Followers of The Redacted Sherlock Holmes series have often asked how many of the historical events retold in the collections published to date actually happened as described. So, taking examples from each volume backwards from VI to I:
- Was there a French female composer called Augusta Holmès who was Sherlock Holmes’s sister?
- Did Winston Churchill seek Holmes’s help at the height of the Battle of Britain and of the Blitz, and was the bombing of neutral Ireland by the Germans in 1941 one of the results of this consultation?
- Was the 1930s German tennis star, Gottfried von Cramm, Sherlock Holmes’s grandson, and was von Cramm’s redoubtable mother the result of a liaison between Holmes and Irene Adler?
- Was the winter of 1894/5 one of such monstrous ferocity that Holmes was asked to investigate whether 19th century industrialisation was causing changes in the climate?
- Did the Prince of Wales, Albert Edward, later King Edward VII, plot to usurp Queen Victoria as monarch, and did Sherlock Holmes make a discovery that thwarted this?
- Was Holmes engaged by the British government in 1945 to assess whether Hitler’s deputy, Rudolph Hess, was fit to stand trial at Nuremburg?
Followers of the series who look up for themselves more details about the events referred to in the thirty-seven works (thirty-six short and one long) published to date, will find that the series presents the matters covered in a way that is consistent with the known facts.
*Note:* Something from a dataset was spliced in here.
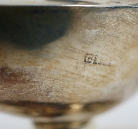 Due piccole lucerne in argento, Egitto, inizi XX secolo, cm 7x14,5x5, peso gr. 200 circa, (difetti, mancante tappo)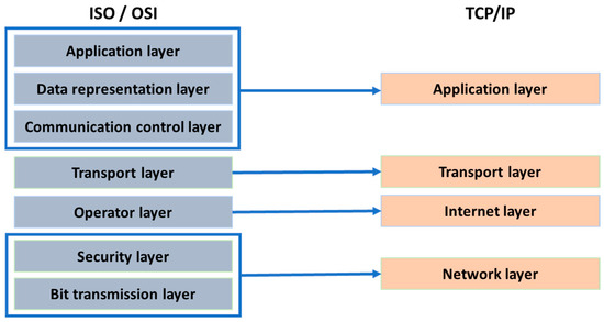 As development progressed, further options for machine communication with IT systems were developed. Some of these were further developments of existing technologies and protocols from the previous automation phase, as well as new developments [38]. The types of communication that became established in the field of machine communication were the possibility of communication via Transmission Control Protocol (TCP)/Internet Protocol (IP) and User Datagram Protocol (UDP). Machine communication via TCP/IP involves several protocols for data transmission from machine to IT system [38]. The modelling is based on the International Standards Organization (ISO)/Open Systems Interconnection (OSI) reference model, whereby the TCP/IP model represents a condensation; see Figure 5 [51].

The redaction of the involvement of Sherlock Holmes was generally made on grounds of national security or because the matters Holmes uncovered were too shocking for them to be made public knowledge. It is to be rejoiced that the publication of these accounts of historic events withheld by Dr Watson allow the record to be set straight, and that the role of Sherlock Holmes at some of the key turning points in world history can finally be revealed.
Sherlock Holmes’s dealings with famous people was the inspiration for the front covers of the books. It is not spoiling the plot of the works in this collection when I disclose that the people featured on the front of this book are two kings, two poets, an artist, a model, a menagerist, a Classical scholar, a diplomat, a man found guilty of high treason, a drinks manufacturer, and an accountant. Some may note that this list gives more people than the seven figures shown opposite Sherlock Holmes. The aim of this introduction is not to solve mysteries when it precedes writings about the greatest mystery-solver of all, but a reading of The Poet and his Muse and of The Cherry-Tree and the Comma will resolve the apparent anomaly.
In this volume I have decided for the first time to put a brief explanation after each work of how much of what Dr Watson retells is the history of the event as we know it, and how much is new or may have been romanticised (Holmes’s words about Watson’s writings) or elaborated by Watson.